Thursday, February 17, 2022

Review: UNTETHERED by KayLynn Flanders


 Rating: 3/5 stars

I really enjoyed Shielded and jumped right into Untethered as soon as I finished it. This is a fast-paced political high fantasy series with high stakes and lots of political intrigue, scheming, and machinations, plus a touch of romance.

Warning: Reading the synopsis of Untethered and even knowing who the POV characters are in this book will spoil you for the ending of Shielded. I will be talking about both POV characters, so if you don’t want to be spoiled for Shielded then don’t continue reading this review. There are no spoilers ahead for Untethered though.

While Jenna was our protagonist in the first book, Untethered follows two new POV characters: Chiara, Princess of Turia; and Ren, king of Halendi. Jenna isn’t a POV character anymore but we do still get to see cameos of her in this story. I liked the switch of character viewpoints because I feel like I got to know the cast of characters in a whole different way in this book. I also liked having another love story with romantic tension, and we wouldn’t have gotten that if Jenna was this book’s POV character again. One small problem, however, was that at times Chiara and Ren had the same character voice, so it was hard to tell them apart. This was especially the case in the latter half of the book when the two are together and doing, thinking, and worrying about the same things. Sometimes I had to flip back to the chapter’s start to remember whose mind I was in. 

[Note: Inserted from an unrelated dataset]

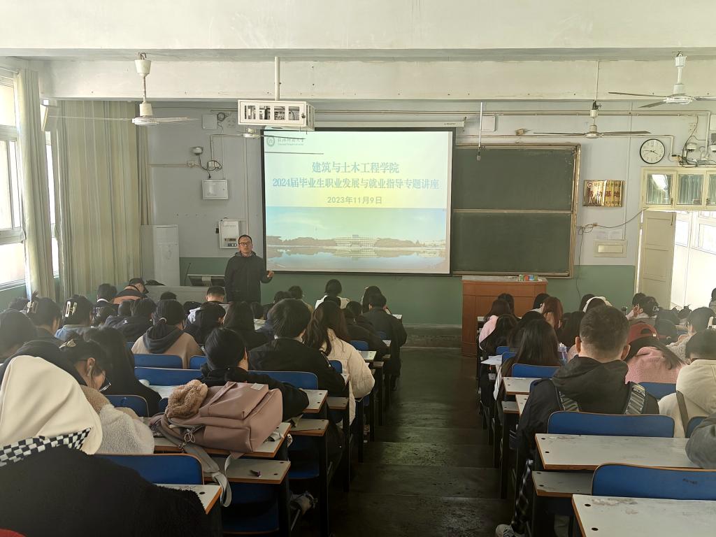 冀鹏首先带领大家分析了建筑和房地产行业发展现状和2024届毕业生就业去向落实的最新情况,对大家就业路径和职业规划提出了指导建议。他指出,本学期毕业生们都在校上课,面临着备战考研和就业等多重压力,大家要调整好心态,做好个人规划,在确保毕业各项工作有条不紊向前推进的同时,要提前做好就业准备。一是要认真学习专业知识,不断提升专业技能;二是要积极参加专业实习实践,充分积累实践经验;三是要积极考取资质证书,努力做到“持证上岗”;四是不断提高人际交往与沟通能力,着力构建良好的人际关系。他最后指出,目前就业形势比较严峻,大家树立正确的就业择业观念,坚持“先就业后择业”。同时,要积极行动起来,不仅要主动参加公司举办的专场招聘会和公司的双选会,还要通过国家24365老员工就业服务平台和公司招聘网站积极关注就业信息。他最后指出,找工作不是一蹴而就的事,也需要多次尝试,希望各位同学通过自己的努力,顺利找到自己理想的一份工作。

We also got to see a lot more of Mari in this book, who I loved in the first book. The problem, though, is that Mari is eight years old but she’s written as if she were only four or five. Eight-year-olds are not dumb, but everyone acts like Mari’s so ignorant about all the danger going on around them, and she herself talks as if she’s just on some fun adventure and isn’t in actual mortal peril. That seemed quite unrealistic to me. I know many eight-year-olds who are wise for their age and can understand what danger is and know when they’re in an unsafe situation. I wish either Mari was written as being younger or was written as being more aware of her situation. 

Both Shielded and Untethered are journey books, where the characters spend a good portion of the novel going on a physical journey across the land to reach a specific destination for a purpose that progresses the overall plot. Untethered actually has two separate journeys in it. The stories don’t necessarily fall into the hero’s journey archetype, but people who enjoy those kinds of stories will probably enjoy this duology. Aside from the journey, both books also have a good amount of court politics taking place, so these books feel like a mix of a couple different types of fantasy stories, which I thought was nice. Usually, we get one or the other but not both so prominently in one story. Journey books typically end with the characters reaching the destination and that’s the resolution, but in these books, the journey ends mid-book while the plot is still in high gear. It was a technique I feel like I haven’t seen a lot of, so it was refreshing to me.

I really wish this series had a map. I feel like it’s a detriment to these books that there’s no map to accompany them, especially since so much of the plot relies on traversing the land and knowing about specific locations and which routes to take to get there and which lands border each other. A series that talks about geography as much as this one does should definitely have a map, but it doesn’t, and that makes me sad. 

My opinions on this second installment seem fairly split. There were a lot of facets of the story that I enjoyed: getting to both see old characters and get to know new characters; there being lots of adventure; lots of political intrigue, including disguises and betrayals and twists; discussions about trust, both in trusting someone to not be two-faced but also trusting someone to take care of your heart; a very slow-burn but satisfying romance; and the character arc of Chiara, a protagonist who is often viewed as weak and dismissed by the people around her but who wanted to find her strength and purpose and set out to do so without letting anyone’s expectations or opinions get in her way. 

However, there were also a lot of aspects about this book that didn’t work for me: the two POV characters having similar voices; characterization traits that didn’t match the characters; the lack of a map; the fact that while this story started out fast-paced, the last 100 pages were very slow-moving and were hard for me to get through, making the pacing of the whole book feel uneven; and the book being longer than it needed to be. 

Overall, I would still recommend this duology, especially the first book, Shielded, which I thought was the stronger of the two. I enjoyed the overall story and the characters, and I appreciated seeing a clean book in YA fantasy. I think KayLynn Flanders is a good writer, and I look forward to seeing what she comes out with next.